### [DATA EXCERPT]
++++++
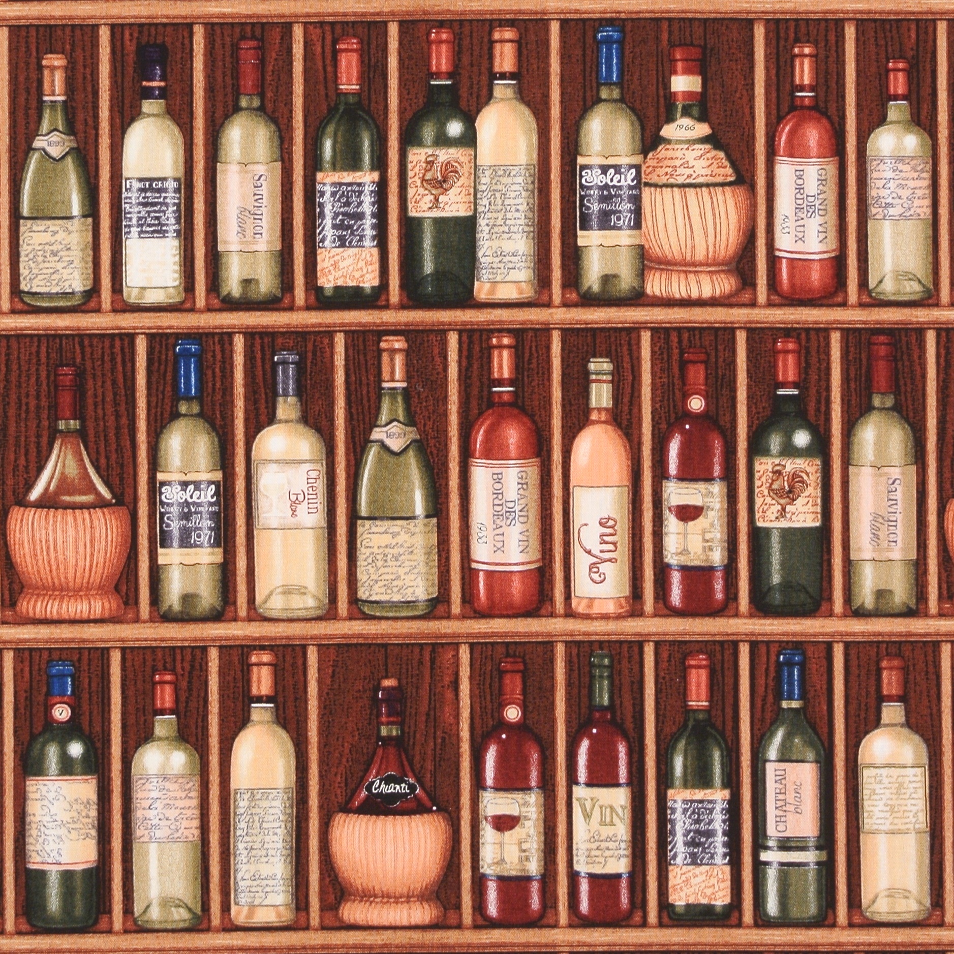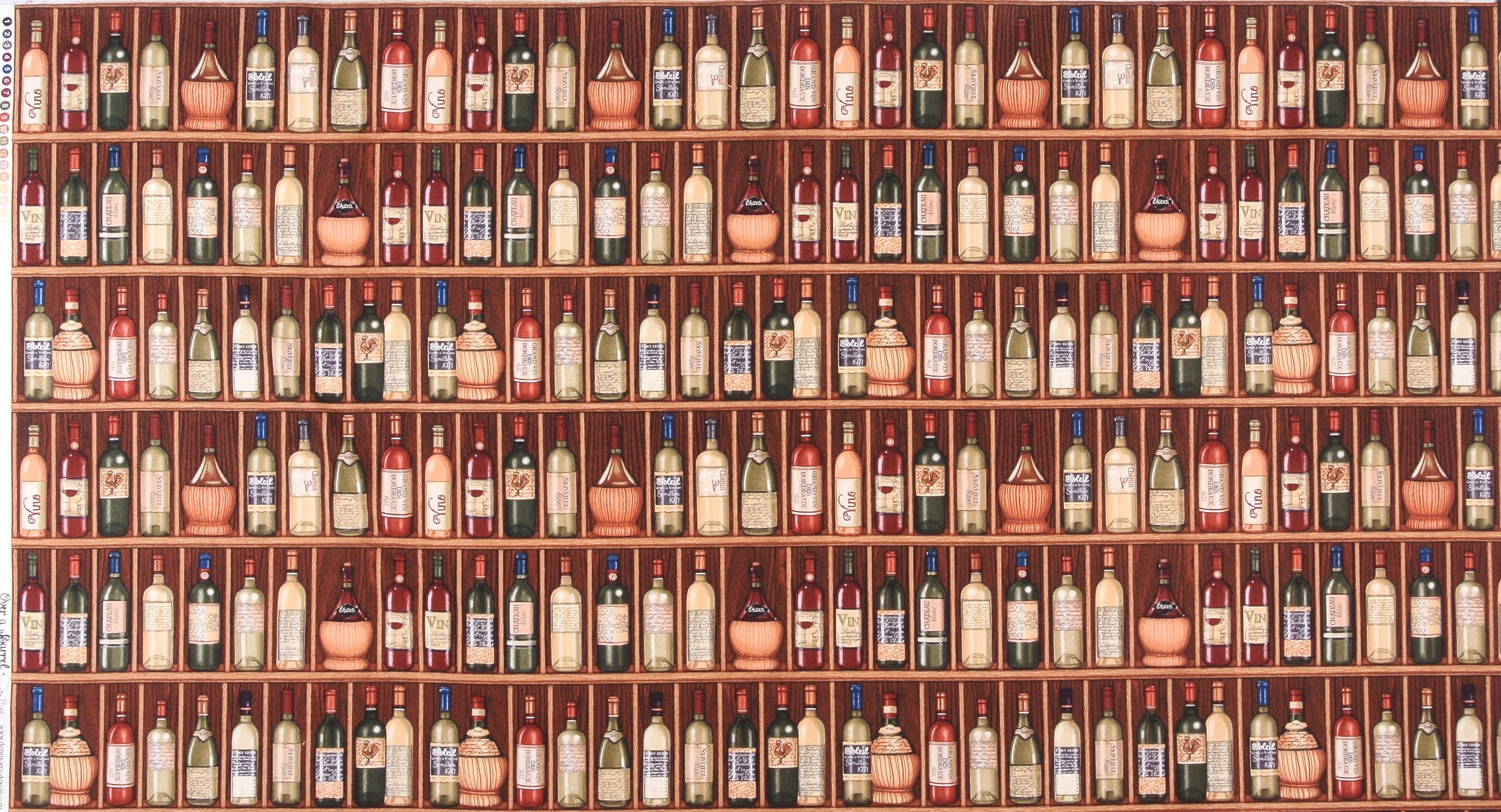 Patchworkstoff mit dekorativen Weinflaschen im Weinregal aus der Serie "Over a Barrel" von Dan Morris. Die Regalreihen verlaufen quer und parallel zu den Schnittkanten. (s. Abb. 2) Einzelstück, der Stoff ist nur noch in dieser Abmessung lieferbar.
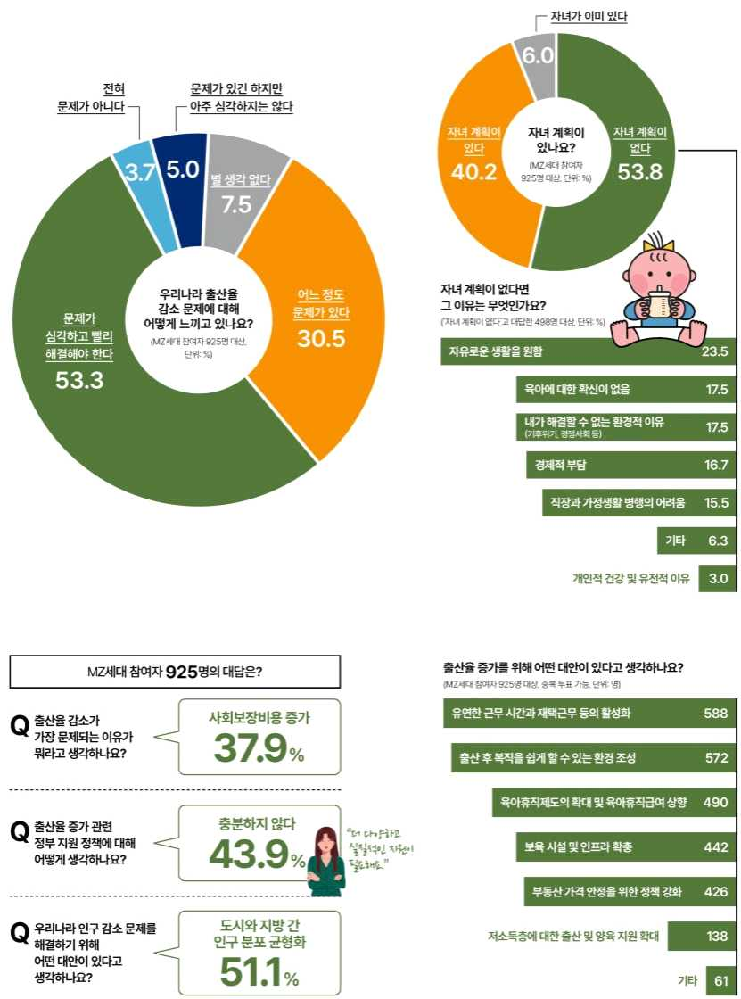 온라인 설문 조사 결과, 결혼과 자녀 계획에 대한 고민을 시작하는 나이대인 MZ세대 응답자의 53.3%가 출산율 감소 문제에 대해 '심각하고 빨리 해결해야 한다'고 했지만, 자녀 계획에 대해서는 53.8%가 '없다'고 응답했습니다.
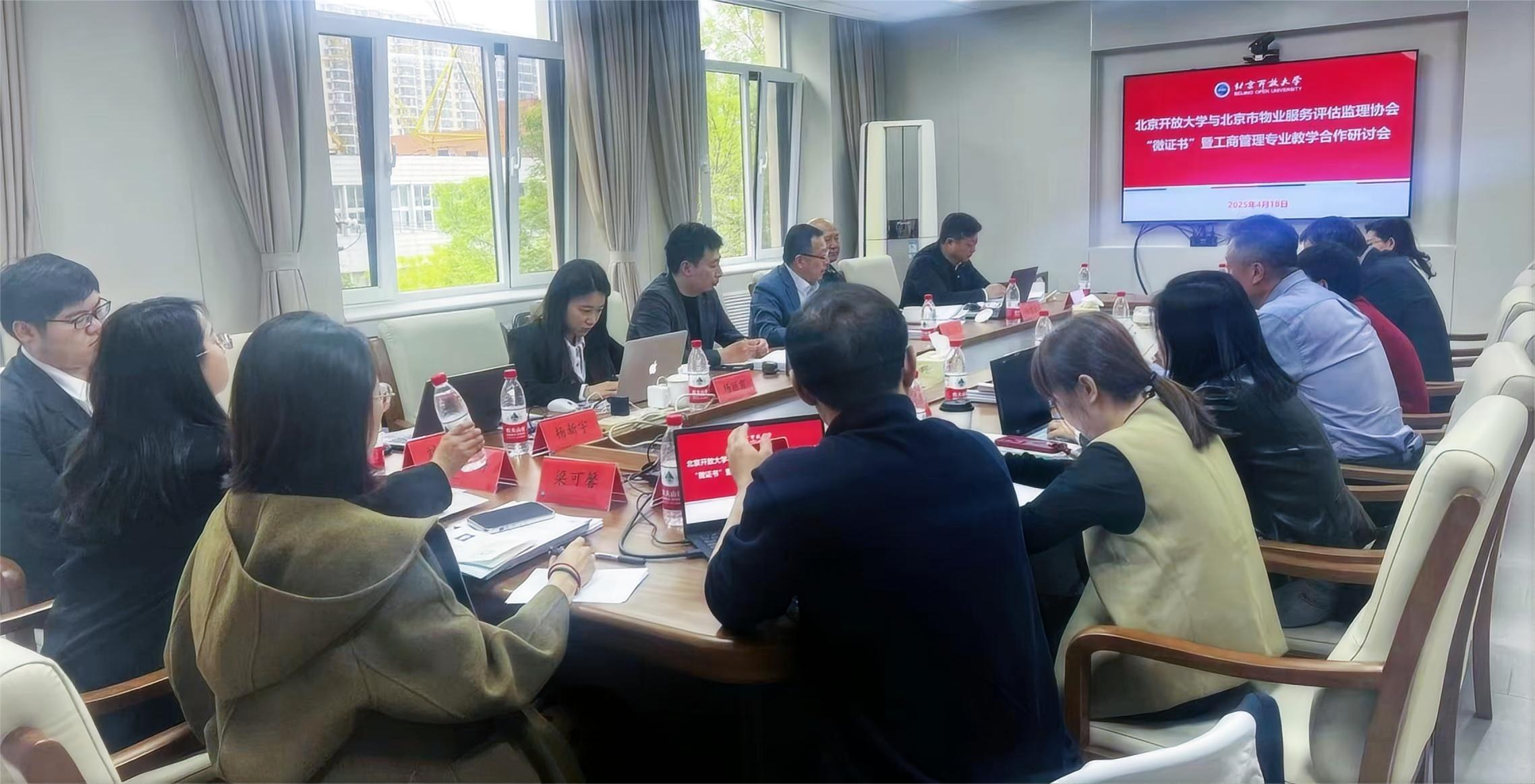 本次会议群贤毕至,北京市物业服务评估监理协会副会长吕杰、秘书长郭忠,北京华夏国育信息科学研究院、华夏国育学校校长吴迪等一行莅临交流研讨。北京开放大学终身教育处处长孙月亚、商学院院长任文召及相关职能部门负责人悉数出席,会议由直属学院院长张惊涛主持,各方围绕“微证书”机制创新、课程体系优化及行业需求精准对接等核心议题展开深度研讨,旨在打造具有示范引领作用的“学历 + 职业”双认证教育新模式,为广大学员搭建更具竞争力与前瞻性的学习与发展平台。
++++++
Leave out the pictures and return the listing exactly.

 Patchworkstoff mit dekorativen Weinflaschen im Weinregal aus der Serie "Over a Barrel" von Dan Morris. Die Regalreihen verlaufen quer und parallel zu den Schnittkanten. (s. Abb. 2) Einzelstück, der Stoff ist nur noch in dieser Abmessung lieferbar.
 온라인 설문 조사 결과, 결혼과 자녀 계획에 대한 고민을 시작하는 나이대인 MZ세대 응답자의 53.3%가 출산율 감소 문제에 대해 '심각하고 빨리 해결해야 한다'고 했지만, 자녀 계획에 대해서는 53.8%가 '없다'고 응답했습니다.
 本次会议群贤毕至,北京市物业服务评估监理协会副会长吕杰、秘书长郭忠,北京华夏国育信息科学研究院、华夏国育学校校长吴迪等一行莅临交流研讨。北京开放大学终身教育处处长孙月亚、商学院院长任文召及相关职能部门负责人悉数出席,会议由直属学院院长张惊涛主持,各方围绕“微证书”机制创新、课程体系优化及行业需求精准对接等核心议题展开深度研讨,旨在打造具有示范引领作用的“学历 + 职业”双认证教育新模式,为广大学员搭建更具竞争力与前瞻性的学习与发展平台。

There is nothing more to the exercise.